Miguel Zenon Quartet gives a lesson in musical stretching and consolidating at the Jazz Kitchen

Miguel Zenon has carved a niche for himself in jazz partly because he both honors his Puerto Rican roots and declines to embed his music in the tradition of Latin jazz.

Luis Perdomo (from left), Miguel Zenon, Hans Glawischnig, Henry Cole.
This would be a laudable project on its own terms, but what makes it significant is that, over the past decade or so, he has turned it into something that can be considered almost a sub-genre. It's Zenon music, expressed around a core of musicians who have been with him for about 15 years: drummer Henry Cole, pianist Luis Perdomo, and bassist Hans Glawischnig.

The alto saxophonist was on hand with this ensemble at the Jazz Kitchen for the first time Wednesday night. In the set and a half I heard, the group offered a wholehearted demonstration of the leader's focus on themes, often modal, that hang together through simple patterns that invite spur-of-the-moment complication in both solo and ensemble episodes. Repeated fragments tend to take on stature through variation of both texture and intensity. There's often a whirlwind coda to wrap things up in astonishment.

The music was drawn from Zenon's most recent CD, "Tipico" (Miel Music). Formally, it offers an individualized departure from the head-solos-head structure of so much small-group jazz from bebop on. Not only that, the way soloing emerges from the texture differs both from mainstream jazz and from various fusion styles, where a band's characteristic sound defines what the repertoire is all about. At the same time, this ensemble is immediately identifiable, because each player stands out from the norm on his instrument — even at the highest level. Zenon music is a self-contained rebuttal to the charge that jazz today has settled into grooves that have become ruts.

The internal rapport is a constant feature. It could be appreciated in how perfectly matched Cole's drumming was with Perdomo's piano solos. The pianist, who has one of the most fluid and inventive single-line styles among jazz pianists at the top of their game, has attractively layered chordal playing, arpeggiation, and trilling upon it, on the evidence of Wednesday night. Like his colleagues, Perdomo operates at a level of virtuosity that avoids mere busyness. Cole, to offer another instance, placed his soloing at a steady tempo, tucking his hard-hitting inspiration within it, not just splashing around in a percussion wading pool. He made the solos seem a logical outgrowth of his accompaniment duties.

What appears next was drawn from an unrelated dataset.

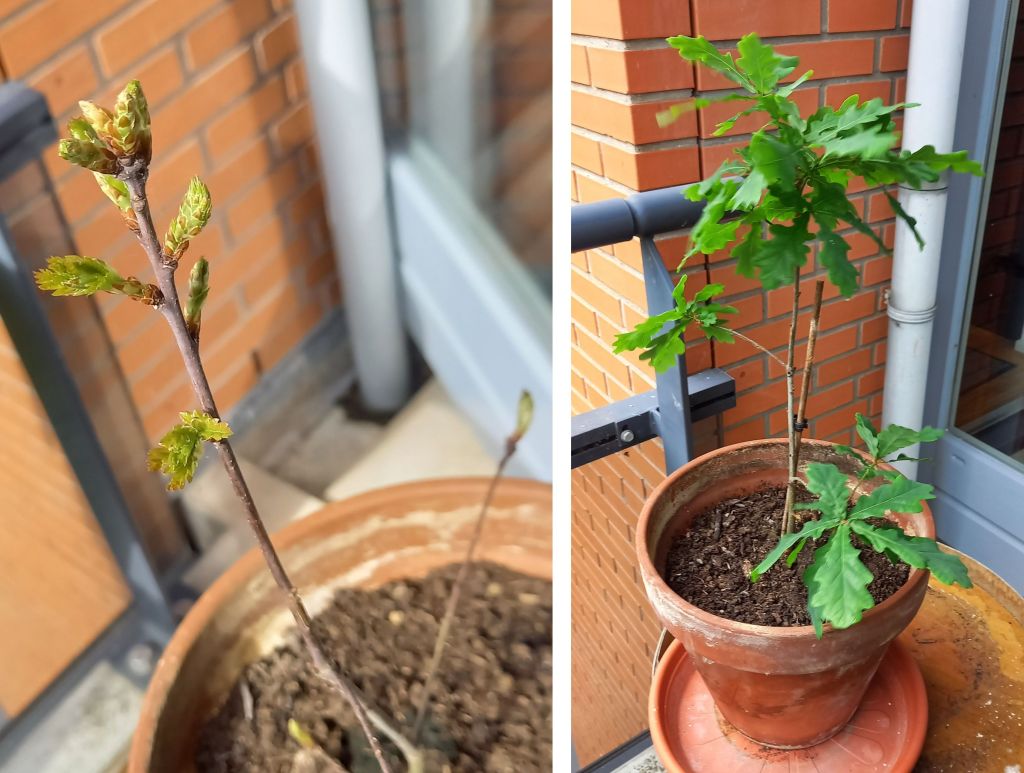 Ook de eik heeft de winter goed doorstaan. Hij was natuurlijk helemaal kaal geworden, maar dat doen loofbomen nu eenmaal, dus daarover heb ik me geen zorgen gemaakt. Zodra het langer licht werd en de temperatuur ging stijgen liep hij uit en kreeg hij steeds meer nieuwe blaadjes.

Glawischnig opened one piece with a lengthy unaccompanied cadenza that made sense retrospectively, after the group opened up the elaborate figures the bassist had already laid down. His solo early in the second set, both fluttering and funky, was a highlight of the gig.

Topping the expert group, of course, is the alto-sax virtuosity of the leader. His tone was always full and balanced; at the top end of the horn, he allowed some rawness to intrude, but never overindulged it. His facility is unmatched among current players on his instrument. Phrases that go out on a limb never lose their balance. The tone is rich but not overladen, and the rhythmic profile is always self-assured.  Zenon sounded both daring and graceful, often at the same time: he's the Roger Federer of alto saxmen.

His debut at the Kitchen was a great milestone, and his fans are sure to be among those attending the appearance of the SFJazz Collective, of which Zenon is a founding member, when the West Coast band comes here April 22.